Seconding the H2 as a sub $200 way to get started.

Also, get acquainted with Levelator to keep the voice levels balanced.
posted by dws at 7:52 AM on February 6, 2010

And this USB mic keeps cropping up on assorted "cheap podcasting" lists, but costs $101 (lists at $250):
posted by mecran01 at 8:05 AM on February 6, 2010

Take a look at the Blue Snowball mic. My Colorado office uses it for recording podcasts and the sound files are then sent to me in Virginia for editing in Audacity (and I also use Levelator mentioned by dws). The sound is so good from the snowball mic they need virtually no editing.

They're on Amazon used for under $100.
posted by 543DoublePlay at 8:54 AM on February 6, 2010

Apologies for totally random stream of consciousness post, I just rolled out of bed.

Starting out, one of the small field recorders is a cheap, effective way to go. Tascam's DR-07 is a solid alternative to the H2, around $150 US new. I liked the buttons / screen more than the H2, so I picked one up as a backup to my larger recording rig. Recently I used it to record a theatre rehearsal with surprisingly solid results from just the built-in mics. There's a bit of self-noise if you hand-hold the thing, but just set it on a mouse pad or something to isolate it a little and it's great.

You can always add more gear later if you want to upgrade.

The trouble with using USB mics is that you generally can't use more than one interface with whatever software you'd record to, so you'd be limited to one mic.

Audacity is a solid free solution for your editing and as others have said, levelator is a very handy app for cleaning things up / balancing levels automatically.
posted by jjb at 10:20 AM on February 6, 2010

Do yourself a favor - download a copy of Propoganda. It's specifically made for podcasting and can save you loads of time over Audacity. The feature set is amazing. Yes, it's $49, but in the long run you will appreciate it so much. I can't recommend it highly enough. There's a free trial download. (No association, we've used it after using Audacity for 2 years and can't believe the things we're now able to do.)

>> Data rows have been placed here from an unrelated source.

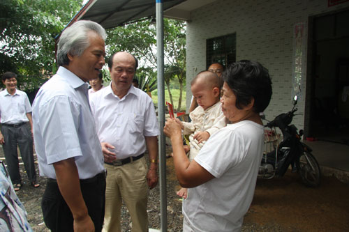 吳士存一行首先赴文昌華僑農(nóng)場進行慰問,認真聽取了農(nóng)場的災情匯報,實地察看了農(nóng)場農(nóng)作物及魚塘受災情況,慰問了生活困難的職工,深入受災職工家中與受災群眾親切交談,了解職工的實際困難。所到之處,吳士存關(guān)切的詢問受災群眾是否有糧吃、有菜吃、有水喝,今年農(nóng)場農(nóng)作物和魚塘收入受到影響有多大,生活上還有什么困難需要解決。吳士存還和職工們聊起了退水后如何進行災后重建和開展生產(chǎn)自救工作,并語重心長的鼓勵大家要振作精神,艱苦奮斗、同舟共濟、共度難關(guān)。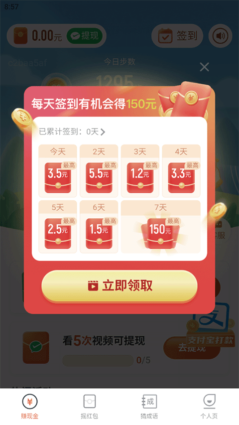 5、最后,就是每日的签到活动,直接获取现金红包哦;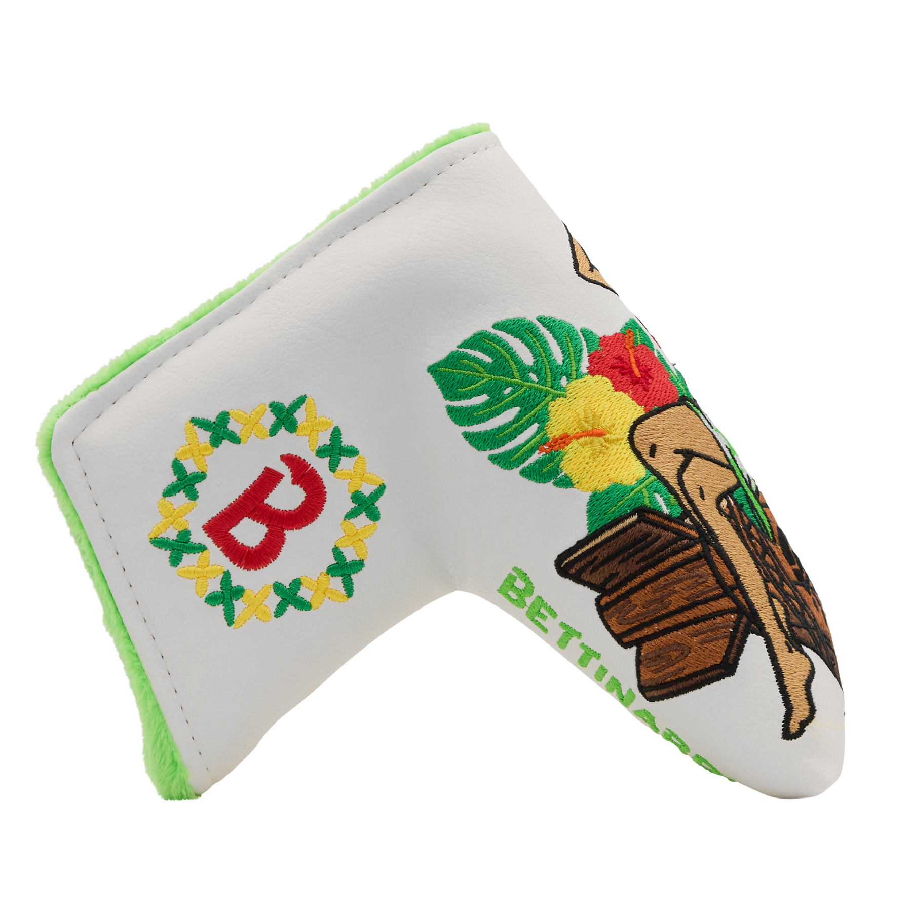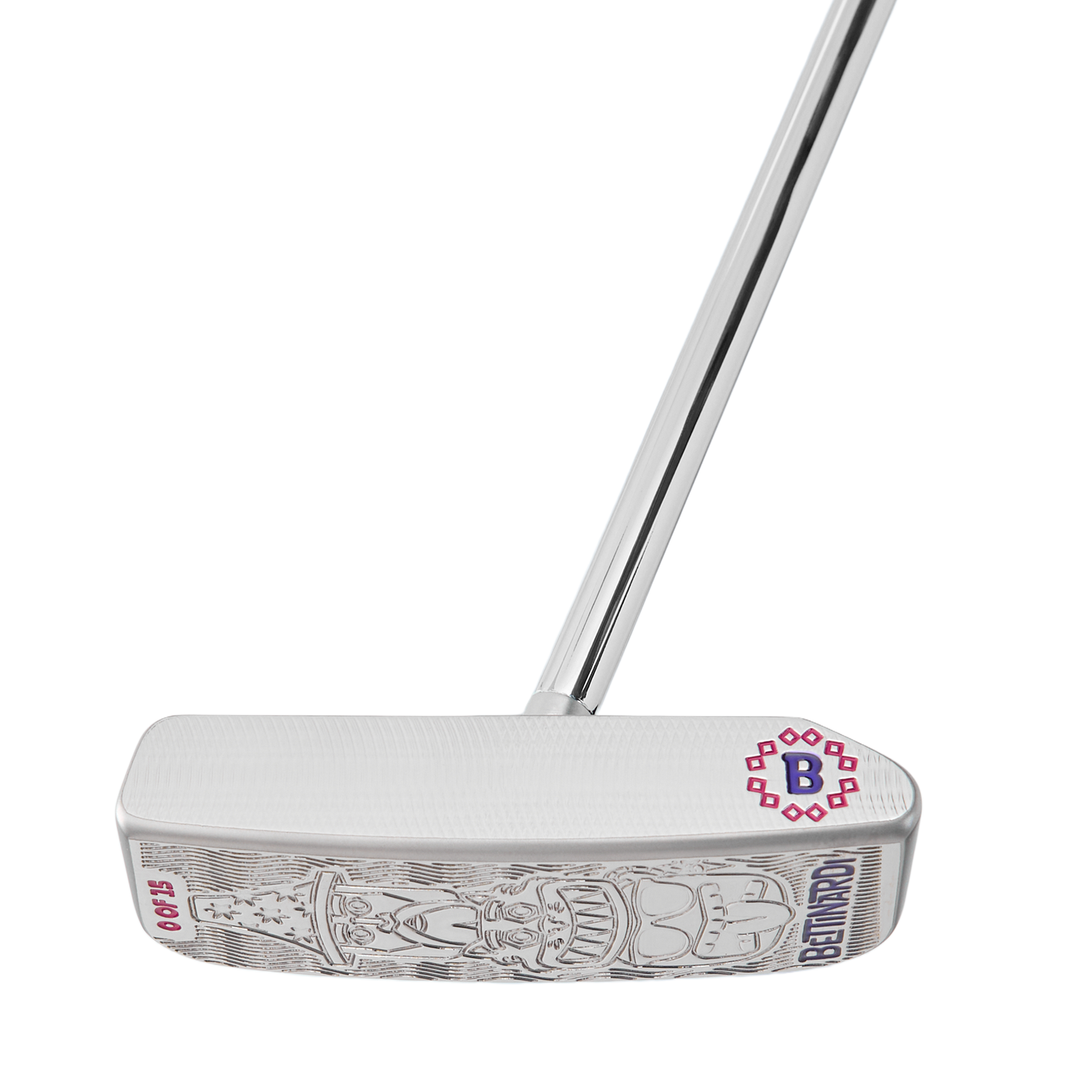 Bringing island influence to one of our signature Tour-proven shapes, this Aloha DASS SB1 is a true masterpiece, marked 0-of-15 and crafted from Double Aged Stainless Steel at our Tinley Park, IL facility. This SB1 features a stunning Tour Blast finish that highlights every contour, and a Tiki Totem Multi Icon engraving on its high-polished sole to add character. The high-polished face is finished with a Flymill milling and a Tiki Hex B on the heel, emphasized by pink and purple paintfills. In the pocket, an anodized 6061 Aluminum pocket insert reading "ALOHA DASS" brings a pattern of vibrant pink and purple Hibiscus blooms to the piece. Weighing in at 360 grams, this putter displays a "T" alignment and is finished with a Bettinardi HIVE Purple Standard Grip, chrome shaft, and an FAI Lei'd Back Betti Bomber Blade Putter Headcover. Only 1 available, good luck!

Blue microphones are great for podcasting. Check out the Snowball or the newer Yeti.
posted by Gerard Sorme at 10:38 AM on February 6, 2010

Sorry to double post, but as I wake up a little more I'm thinking of more options for you:

You could pick up a cheap mixer like this along with a very basic interface a couple decent dynamic mics and a couple little stands. The grand total is under $200, and I think that would all ship free.

And I just noticed you may have the occasional guest...

So, in that case, you can either have the guest share a mic with one host, or look at slightly different gear.
The interface can remain the same. And the price point is still under $200.

Ok, I promise to go get myself some coffee now.
posted by jjb at 10:44 AM on February 6, 2010

Per Marc Maron (who has an excellent sounding podcast called "WTF"):

"In the garage I use two Shure SM7s into a Samson MDR6 mixer into Garage Band on my mac. On the road I use a Zoom H4n and two Blue Encore 100 mics."

The Samson looks doable. The SM57s are probably out of the range you were looking for. I know there are some comparable sounding mics at a lower price-point.
posted by KevinSkomsvold at 1:59 PM on February 6, 2010

If you're doing your "two-person chat show," in the field and not in a studio, take a look at the Zoom H4N or the Zoom H2 (the H2 would be fine if you're doing mostly spoken word).
posted by Gerard Sorme at 8:49 PM on February 6, 2010

I posted this answer in an old podcasting thread, addressing specific price points.
posted by magstheaxe at 1:59 AM on February 7, 2010

Oh, and while this may be out of your price range, let me also recommend FilmJunk.com’s article about how they do their podcasting.
posted by magstheaxe at 2:02 AM on February 7, 2010

I hosted a very similar thing with friends before - Dead Space Radio, an "Eve Online" podcast -

We had 3x cheapo mics

Sourceforges - Audacity

2 Guitars

Lots of time

-Went really well. Make sure you get involvced in a little bit of the editing, sound effects - loops - ffade in/outs - littloe music snippets are all really really welcome (if chosen correctly) in any aural perforamance.

Not only the subject matter - but it must be pleasent to hear.